→ **WORK INSTRUCTIONS**: The output is the lines below from the one with "kar98k-巳巳如意 5级 dp-28-豹影疾" through the one with "Leírás: Szőllősi Endre", both included, printed exactly and with no other line.

##### PROVIDED DATA #####

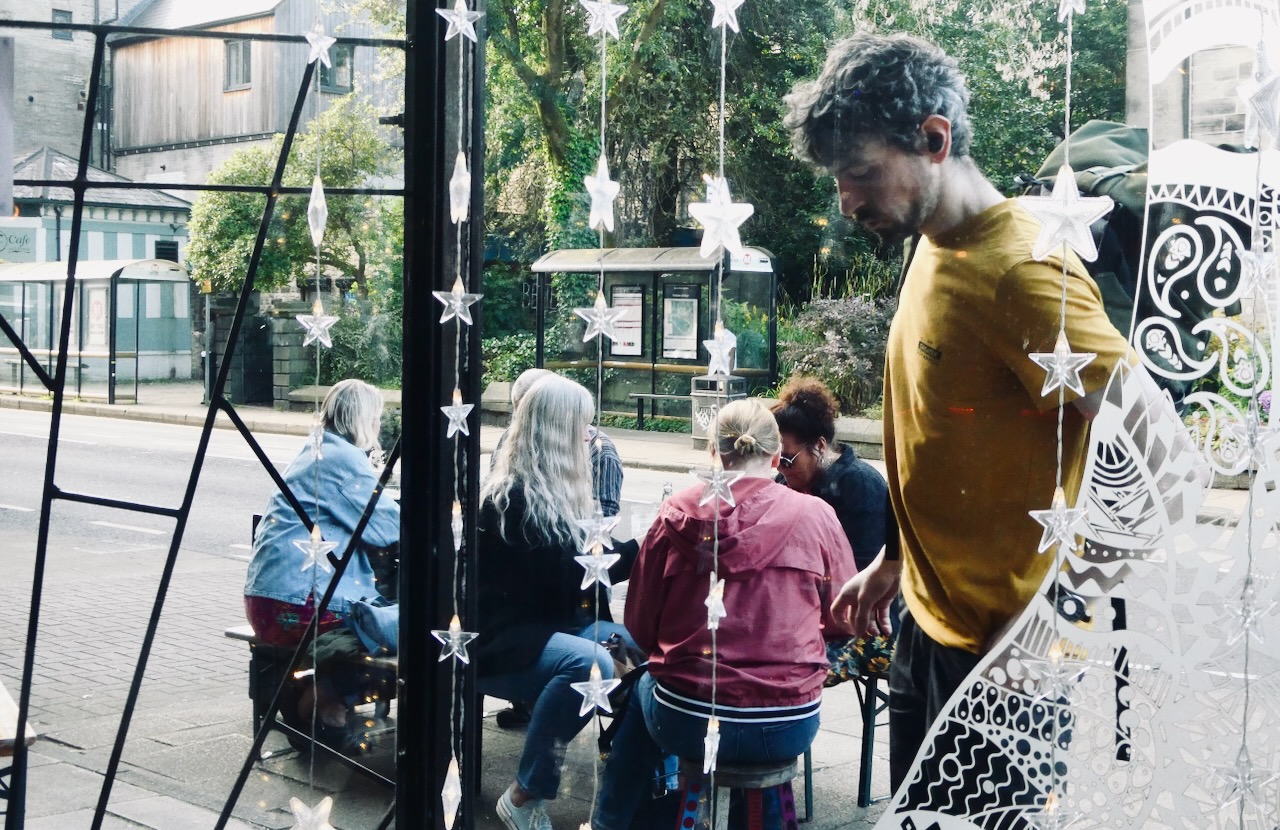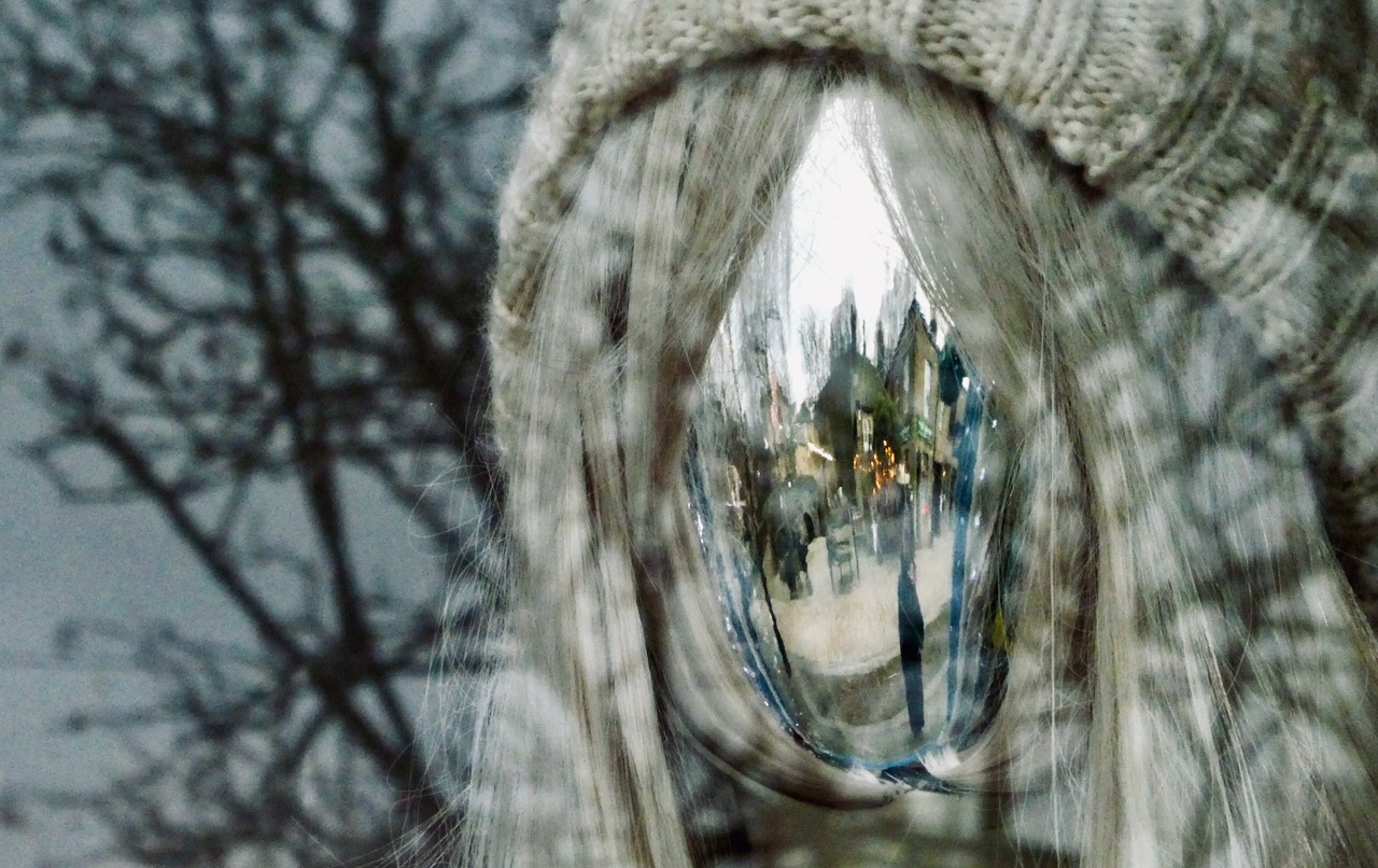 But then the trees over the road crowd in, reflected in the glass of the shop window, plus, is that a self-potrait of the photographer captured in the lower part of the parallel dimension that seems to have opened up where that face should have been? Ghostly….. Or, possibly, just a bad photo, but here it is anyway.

#####
##### PROVIDED DATA #####

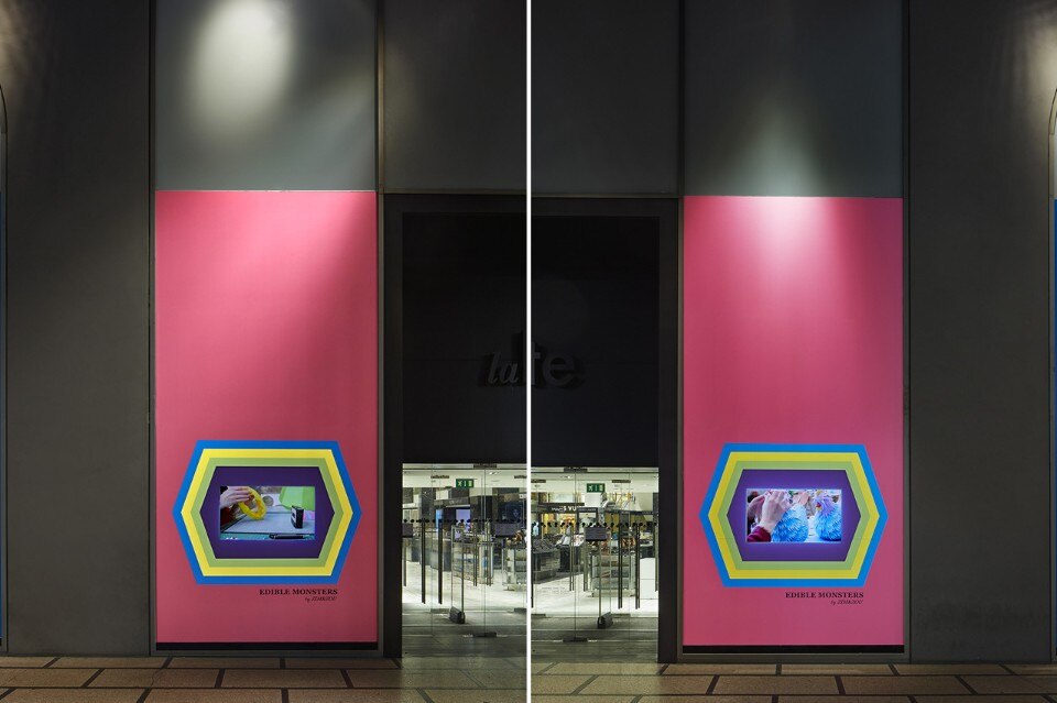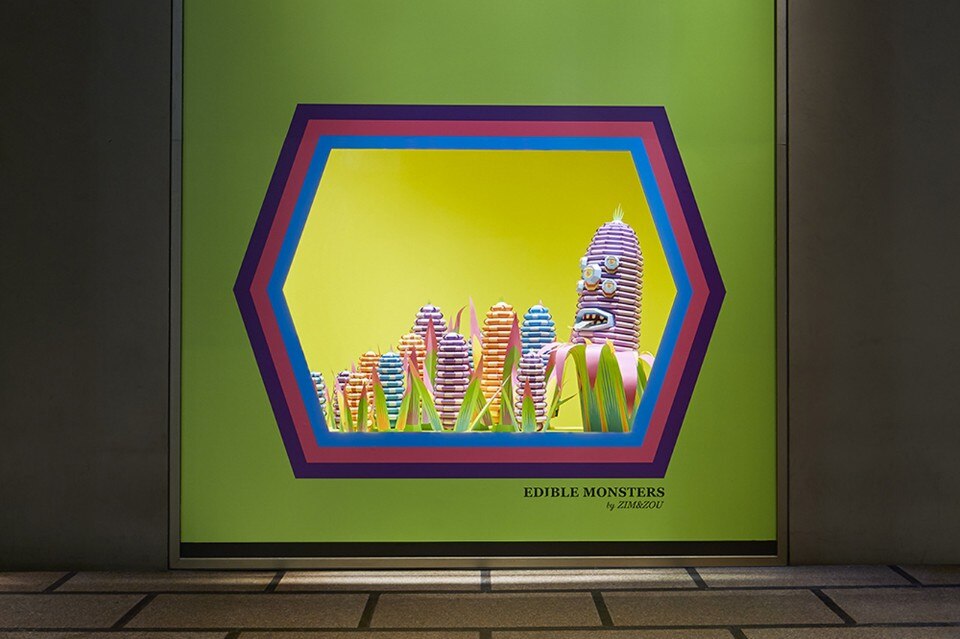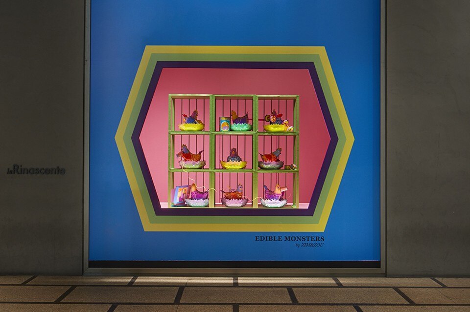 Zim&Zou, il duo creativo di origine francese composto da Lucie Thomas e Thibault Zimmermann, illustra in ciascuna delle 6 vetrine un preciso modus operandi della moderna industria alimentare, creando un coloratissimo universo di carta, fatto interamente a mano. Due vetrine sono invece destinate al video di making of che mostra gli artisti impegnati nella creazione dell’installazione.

#####
##### PROVIDED DATA #####

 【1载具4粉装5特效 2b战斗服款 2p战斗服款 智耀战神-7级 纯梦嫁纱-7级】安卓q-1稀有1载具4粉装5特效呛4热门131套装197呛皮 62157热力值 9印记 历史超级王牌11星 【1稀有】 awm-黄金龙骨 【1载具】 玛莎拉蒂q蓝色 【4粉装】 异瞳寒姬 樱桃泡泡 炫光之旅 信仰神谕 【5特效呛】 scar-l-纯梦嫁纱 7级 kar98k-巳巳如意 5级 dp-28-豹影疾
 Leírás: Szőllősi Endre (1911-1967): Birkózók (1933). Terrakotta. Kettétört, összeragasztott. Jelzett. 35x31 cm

#####

→ **ANSWER TO THIS EXERCISE**:
 【1载具4粉装5特效 2b战斗服款 2p战斗服款 智耀战神-7级 纯梦嫁纱-7级】安卓q-1稀有1载具4粉装5特效呛4热门131套装197呛皮 62157热力值 9印记 历史超级王牌11星 【1稀有】 awm-黄金龙骨 【1载具】 玛莎拉蒂q蓝色 【4粉装】 异瞳寒姬 樱桃泡泡 炫光之旅 信仰神谕 【5特效呛】 scar-l-纯梦嫁纱 7级 kar98k-巳巳如意 5级 dp-28-豹影疾
 Leírás: Szőllősi Endre (1911-1967): Birkózók (1933). Terrakotta. Kettétört, összeragasztott. Jelzett. 35x31 cm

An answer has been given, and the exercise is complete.